[Data shown Boundary: Start]

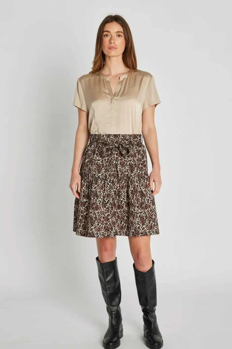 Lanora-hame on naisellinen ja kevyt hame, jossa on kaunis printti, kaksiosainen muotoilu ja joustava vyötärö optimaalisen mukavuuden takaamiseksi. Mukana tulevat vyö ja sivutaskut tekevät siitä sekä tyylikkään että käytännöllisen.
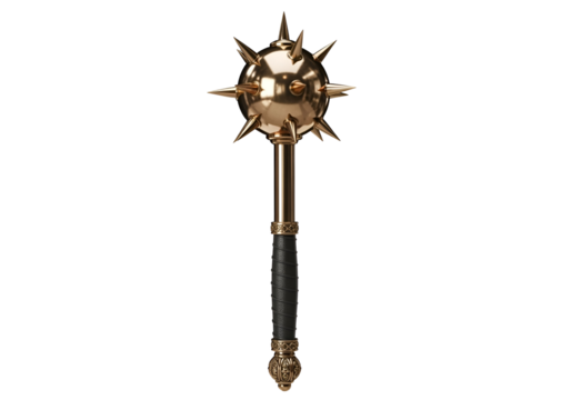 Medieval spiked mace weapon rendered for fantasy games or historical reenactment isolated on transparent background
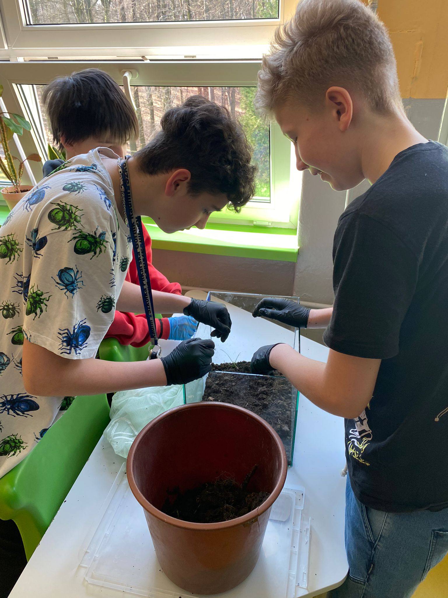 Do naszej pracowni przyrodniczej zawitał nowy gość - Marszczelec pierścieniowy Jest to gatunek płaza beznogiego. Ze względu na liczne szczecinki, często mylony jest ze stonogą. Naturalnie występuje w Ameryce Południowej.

[Data shown Boundary: End]

Starting with the line that holds "Medieval spiked mace", copy every line exactly through the final line of the material, but skip the pictures.

 Medieval spiked mace weapon rendered for fantasy games or historical reenactment isolated on transparent background
 Do naszej pracowni przyrodniczej zawitał nowy gość - Marszczelec pierścieniowy Jest to gatunek płaza beznogiego. Ze względu na liczne szczecinki, często mylony jest ze stonogą. Naturalnie występuje w Ameryce Południowej.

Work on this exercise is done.